STUDY MATERIAL:
━━━━━━━━
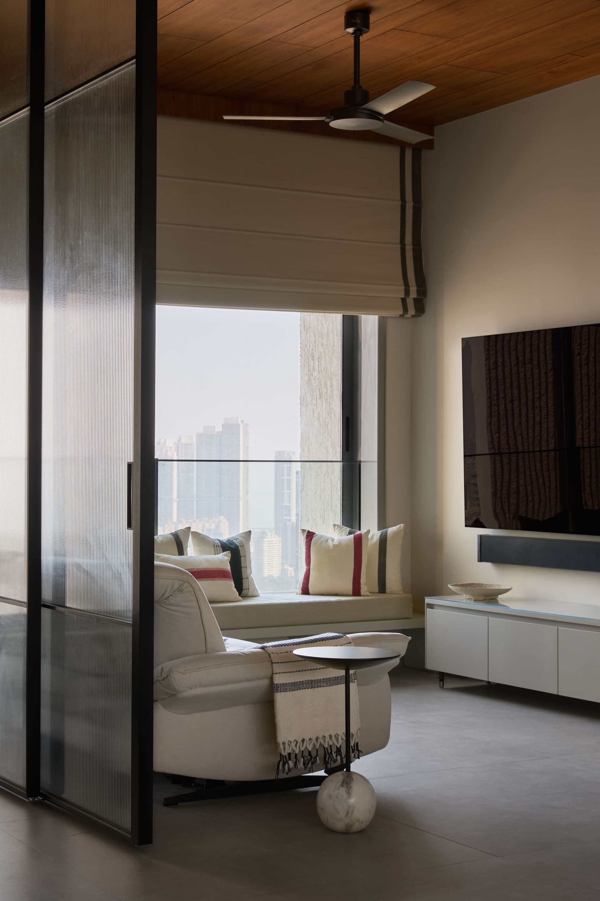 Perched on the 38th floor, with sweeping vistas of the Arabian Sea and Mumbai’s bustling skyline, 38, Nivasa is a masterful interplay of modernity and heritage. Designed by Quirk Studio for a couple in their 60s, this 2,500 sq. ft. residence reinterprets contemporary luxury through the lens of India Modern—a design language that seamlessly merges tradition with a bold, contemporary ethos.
━━━━━━━━
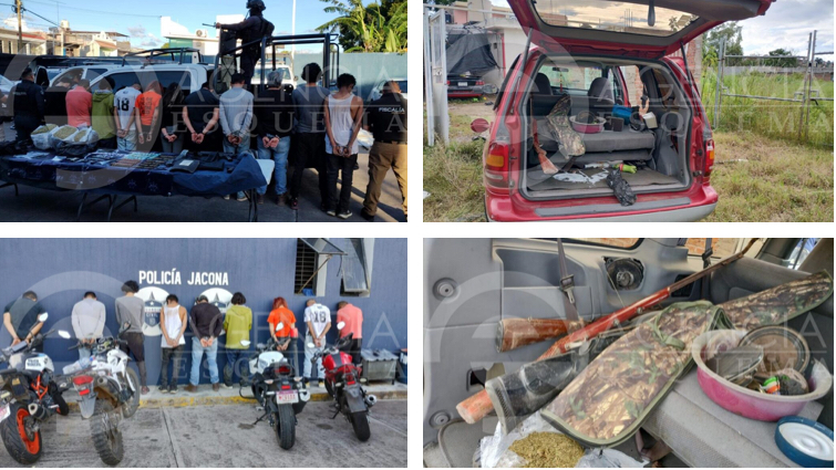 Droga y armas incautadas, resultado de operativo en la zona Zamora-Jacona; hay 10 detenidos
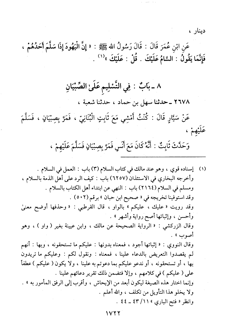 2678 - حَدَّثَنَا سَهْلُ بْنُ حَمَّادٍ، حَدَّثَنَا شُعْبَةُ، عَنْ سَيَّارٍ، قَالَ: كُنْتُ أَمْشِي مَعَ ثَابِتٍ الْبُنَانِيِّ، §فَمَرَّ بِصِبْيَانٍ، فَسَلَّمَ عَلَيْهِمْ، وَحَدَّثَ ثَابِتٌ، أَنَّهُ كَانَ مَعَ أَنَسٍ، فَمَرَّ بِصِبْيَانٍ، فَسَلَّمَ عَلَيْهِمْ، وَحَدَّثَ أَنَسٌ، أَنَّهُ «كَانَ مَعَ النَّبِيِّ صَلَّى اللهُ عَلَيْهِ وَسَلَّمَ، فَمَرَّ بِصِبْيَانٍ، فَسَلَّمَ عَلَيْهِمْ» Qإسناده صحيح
━━━━━━━━
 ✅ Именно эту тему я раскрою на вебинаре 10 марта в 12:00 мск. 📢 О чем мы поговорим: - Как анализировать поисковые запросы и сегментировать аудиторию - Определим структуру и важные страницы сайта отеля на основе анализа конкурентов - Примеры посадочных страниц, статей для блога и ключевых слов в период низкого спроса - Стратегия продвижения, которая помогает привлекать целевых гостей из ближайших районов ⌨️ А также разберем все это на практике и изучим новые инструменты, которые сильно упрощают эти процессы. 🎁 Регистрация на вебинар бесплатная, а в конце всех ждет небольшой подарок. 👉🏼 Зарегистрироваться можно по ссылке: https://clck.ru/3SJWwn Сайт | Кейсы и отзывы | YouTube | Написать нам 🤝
━━━━━━━━
TASK ITEM:
Reproduce exactly the lines above starting at the line containing "Droga y armas" and ending at the line containing "2678 - حَدَّثَنَا", including both, but not the pictures.

EXERCISE OUTPUT:
 Droga y armas incautadas, resultado de operativo en la zona Zamora-Jacona; hay 10 detenidos
 2678 - حَدَّثَنَا سَهْلُ بْنُ حَمَّادٍ، حَدَّثَنَا شُعْبَةُ، عَنْ سَيَّارٍ، قَالَ: كُنْتُ أَمْشِي مَعَ ثَابِتٍ الْبُنَانِيِّ، §فَمَرَّ بِصِبْيَانٍ، فَسَلَّمَ عَلَيْهِمْ، وَحَدَّثَ ثَابِتٌ، أَنَّهُ كَانَ مَعَ أَنَسٍ، فَمَرَّ بِصِبْيَانٍ، فَسَلَّمَ عَلَيْهِمْ، وَحَدَّثَ أَنَسٌ، أَنَّهُ «كَانَ مَعَ النَّبِيِّ صَلَّى اللهُ عَلَيْهِ وَسَلَّمَ، فَمَرَّ بِصِبْيَانٍ، فَسَلَّمَ عَلَيْهِمْ» Qإسناده صحيح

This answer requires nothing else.